The majority of residents in Baltimore, and particularly around the university community, are Black, and Hawkins says the same recognition of the disparate effects of the pandemic that impacted the leaders’ decision in Atlanta also factored into Morgan’s decision.
“We often talk about rights, but we don’t talk about responsibility — a responsibility to be protective of the larger community,” she says. “That is a cultural frame that is embodied in the university as an HBCU, just at our core in terms of our foundation.”
Steve Clark, vice president for university relations and marketing at Oregon State University (OSU), says OSU leaders are “doing our best to understand the complexity in our society around vaccinations,” particularly within “communities that may not have had good experiences with medical care providers.” Oregon State is also requiring all students, faculty and staff be vaccinated before returning to campus in September 2021, and Clark says the university is working to “help inform in a community-based way, rather than an institutional way” why vaccines are important as part of a comprehensive approach to public health and wellness.
Finding ‘normal’
At Oregon State, scholars have concentrated research efforts to better trace and understand the spread of the COVID-19 virus. They’ve conducted random door-to-door sampling in communities across the state to gauge infection prevalence and have undertaken extensive wastewater testing to determine the presence of viral markers that give clues to how many cases might exist in an area.
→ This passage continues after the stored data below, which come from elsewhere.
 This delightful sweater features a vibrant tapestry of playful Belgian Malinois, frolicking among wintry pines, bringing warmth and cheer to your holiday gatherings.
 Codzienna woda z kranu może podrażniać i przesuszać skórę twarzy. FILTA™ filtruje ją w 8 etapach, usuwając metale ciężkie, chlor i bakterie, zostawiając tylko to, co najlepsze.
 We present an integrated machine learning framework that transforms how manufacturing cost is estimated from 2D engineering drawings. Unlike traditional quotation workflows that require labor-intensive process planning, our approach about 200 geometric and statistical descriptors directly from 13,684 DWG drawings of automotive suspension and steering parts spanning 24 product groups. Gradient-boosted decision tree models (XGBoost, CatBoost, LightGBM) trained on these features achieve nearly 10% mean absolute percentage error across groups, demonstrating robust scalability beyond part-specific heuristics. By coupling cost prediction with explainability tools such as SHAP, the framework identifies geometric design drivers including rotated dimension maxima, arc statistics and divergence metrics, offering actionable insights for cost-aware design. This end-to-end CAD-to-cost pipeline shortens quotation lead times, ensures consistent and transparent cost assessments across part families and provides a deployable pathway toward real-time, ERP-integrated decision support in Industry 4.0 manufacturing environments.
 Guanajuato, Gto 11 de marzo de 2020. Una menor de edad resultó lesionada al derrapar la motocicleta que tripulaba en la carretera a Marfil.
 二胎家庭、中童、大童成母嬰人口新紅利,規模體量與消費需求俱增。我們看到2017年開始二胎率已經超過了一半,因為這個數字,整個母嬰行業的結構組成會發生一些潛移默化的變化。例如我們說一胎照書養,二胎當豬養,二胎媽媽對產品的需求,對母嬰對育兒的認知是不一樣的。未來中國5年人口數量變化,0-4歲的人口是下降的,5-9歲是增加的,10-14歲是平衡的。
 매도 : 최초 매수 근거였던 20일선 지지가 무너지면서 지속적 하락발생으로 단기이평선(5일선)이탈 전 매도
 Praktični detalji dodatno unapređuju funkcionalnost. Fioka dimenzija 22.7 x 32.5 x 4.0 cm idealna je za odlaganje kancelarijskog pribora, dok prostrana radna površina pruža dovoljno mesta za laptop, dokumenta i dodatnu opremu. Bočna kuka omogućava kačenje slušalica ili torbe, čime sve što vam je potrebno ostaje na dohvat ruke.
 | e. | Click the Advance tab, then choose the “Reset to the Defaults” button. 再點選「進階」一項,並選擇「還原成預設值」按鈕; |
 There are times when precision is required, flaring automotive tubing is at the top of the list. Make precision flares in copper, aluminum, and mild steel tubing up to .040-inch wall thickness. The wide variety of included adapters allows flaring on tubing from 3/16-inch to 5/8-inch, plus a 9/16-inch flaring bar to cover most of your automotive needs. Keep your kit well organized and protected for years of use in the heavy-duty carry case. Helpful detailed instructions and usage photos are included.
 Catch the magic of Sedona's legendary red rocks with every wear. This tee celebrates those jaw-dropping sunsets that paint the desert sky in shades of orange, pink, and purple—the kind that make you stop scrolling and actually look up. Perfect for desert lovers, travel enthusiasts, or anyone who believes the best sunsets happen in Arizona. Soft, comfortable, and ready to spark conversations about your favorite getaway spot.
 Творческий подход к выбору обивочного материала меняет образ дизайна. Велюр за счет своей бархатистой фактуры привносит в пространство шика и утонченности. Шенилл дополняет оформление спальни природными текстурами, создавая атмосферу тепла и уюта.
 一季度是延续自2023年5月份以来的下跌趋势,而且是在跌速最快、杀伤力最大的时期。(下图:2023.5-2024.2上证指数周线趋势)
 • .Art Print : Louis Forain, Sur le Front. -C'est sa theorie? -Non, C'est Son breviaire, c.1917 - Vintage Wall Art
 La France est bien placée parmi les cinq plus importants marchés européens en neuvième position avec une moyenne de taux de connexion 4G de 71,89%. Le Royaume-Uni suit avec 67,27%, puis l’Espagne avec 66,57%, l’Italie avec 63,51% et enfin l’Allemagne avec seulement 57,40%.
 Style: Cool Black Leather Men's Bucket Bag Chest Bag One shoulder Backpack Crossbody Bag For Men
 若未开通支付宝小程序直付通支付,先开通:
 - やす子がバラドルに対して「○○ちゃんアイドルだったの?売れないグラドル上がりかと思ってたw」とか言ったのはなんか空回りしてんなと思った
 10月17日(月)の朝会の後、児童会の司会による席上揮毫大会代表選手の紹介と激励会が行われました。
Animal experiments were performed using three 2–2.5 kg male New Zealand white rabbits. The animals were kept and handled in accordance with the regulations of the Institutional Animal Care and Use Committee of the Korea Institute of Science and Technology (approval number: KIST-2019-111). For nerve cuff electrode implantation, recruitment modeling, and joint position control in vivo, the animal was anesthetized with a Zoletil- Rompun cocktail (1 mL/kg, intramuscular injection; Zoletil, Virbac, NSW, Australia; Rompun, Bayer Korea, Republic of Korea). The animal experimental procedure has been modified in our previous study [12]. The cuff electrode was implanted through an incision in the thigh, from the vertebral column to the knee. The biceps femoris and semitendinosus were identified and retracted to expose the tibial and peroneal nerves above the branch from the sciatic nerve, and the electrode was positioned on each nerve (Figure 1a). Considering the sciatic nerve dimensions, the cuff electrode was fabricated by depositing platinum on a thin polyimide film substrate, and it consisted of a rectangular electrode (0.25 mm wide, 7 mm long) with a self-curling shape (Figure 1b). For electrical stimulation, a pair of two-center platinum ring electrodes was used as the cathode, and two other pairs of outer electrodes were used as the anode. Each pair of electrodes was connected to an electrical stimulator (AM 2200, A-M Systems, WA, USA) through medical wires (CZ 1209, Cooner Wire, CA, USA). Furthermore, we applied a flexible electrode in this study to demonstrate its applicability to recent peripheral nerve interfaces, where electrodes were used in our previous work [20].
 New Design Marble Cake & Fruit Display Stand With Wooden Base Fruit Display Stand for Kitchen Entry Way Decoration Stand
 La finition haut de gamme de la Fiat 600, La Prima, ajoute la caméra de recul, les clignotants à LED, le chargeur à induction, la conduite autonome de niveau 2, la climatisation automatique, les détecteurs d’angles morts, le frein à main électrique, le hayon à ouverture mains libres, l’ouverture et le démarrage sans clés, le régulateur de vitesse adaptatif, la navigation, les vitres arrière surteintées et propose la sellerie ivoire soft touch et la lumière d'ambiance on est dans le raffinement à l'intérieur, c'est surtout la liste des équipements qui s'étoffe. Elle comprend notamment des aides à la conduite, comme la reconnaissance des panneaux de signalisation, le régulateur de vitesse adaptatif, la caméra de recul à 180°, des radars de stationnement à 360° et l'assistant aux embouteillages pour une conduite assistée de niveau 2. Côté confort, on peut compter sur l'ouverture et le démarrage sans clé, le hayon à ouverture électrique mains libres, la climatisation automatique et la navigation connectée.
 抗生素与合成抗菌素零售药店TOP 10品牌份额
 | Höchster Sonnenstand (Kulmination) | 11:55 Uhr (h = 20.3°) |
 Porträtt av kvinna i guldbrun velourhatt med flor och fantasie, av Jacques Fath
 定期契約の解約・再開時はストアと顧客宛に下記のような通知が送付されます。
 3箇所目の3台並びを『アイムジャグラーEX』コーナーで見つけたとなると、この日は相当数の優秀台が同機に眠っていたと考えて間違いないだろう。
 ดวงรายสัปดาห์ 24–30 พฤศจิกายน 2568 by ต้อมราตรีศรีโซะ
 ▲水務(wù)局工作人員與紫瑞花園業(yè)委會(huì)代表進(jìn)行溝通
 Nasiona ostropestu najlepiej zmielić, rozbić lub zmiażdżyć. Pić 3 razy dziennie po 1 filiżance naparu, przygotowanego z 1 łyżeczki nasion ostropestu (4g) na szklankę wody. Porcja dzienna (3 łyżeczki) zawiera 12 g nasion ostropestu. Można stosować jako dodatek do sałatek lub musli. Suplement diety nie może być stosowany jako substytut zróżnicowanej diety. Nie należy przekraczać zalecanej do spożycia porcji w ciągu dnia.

“Wastewater out of a building, like a residence hall, can give you a sign that something’s amiss — the viral markers decreasing, that’s a good thing,” Clark says. “But if it’s going up, then we have a problem with someone or something in the residence hall,” in which case, the university follows up with rapid COVID-19 testing to pinpoint the source.
At Clark Atlanta University, students who returned to campus in the spring were required to take COVID tests twice a week, and employees who came on campus were required to test once a week. The institution’s positivity rate has been less than 1%, which Phillips calls “phenomenal” — compared to a 5% positivity rate in the broader county, and closer to 10% in the state of Georgia as a whole, according to Phillips.
University officials at all the institutions are still figuring out what students’ return to campus will look like. “Everything is still very fluid and changing constantly,” in terms of guidance from the U.S. Centers for Disease Control and Prevention and developing medical information, Phillips says.
Fitzgerald points to the rapidly changing nature of information — and even the availability of vaccines — as an indication that plans will likely be under revision right up until students arrive back on campus.
“August is a long time away but it isn’t,” Fitzgerald says, adding the UM team continues to “emphasize the need to be nimble moving forward. This pandemic has really shown us that we need to be flexible.”
Fitzgerald adds that the campus community has been informed it still may be necessary to wear masks indoors on campus in the fall. Also, in the fall, “There may still need to be some social distancing. We’ve already told students that large lecture classes will be delivered remotely, but small and medium-sized classes will be in person.” Some dorm rooms are being reserved for necessary quarantining and isolation should positive cases arise, says Fitzgerald.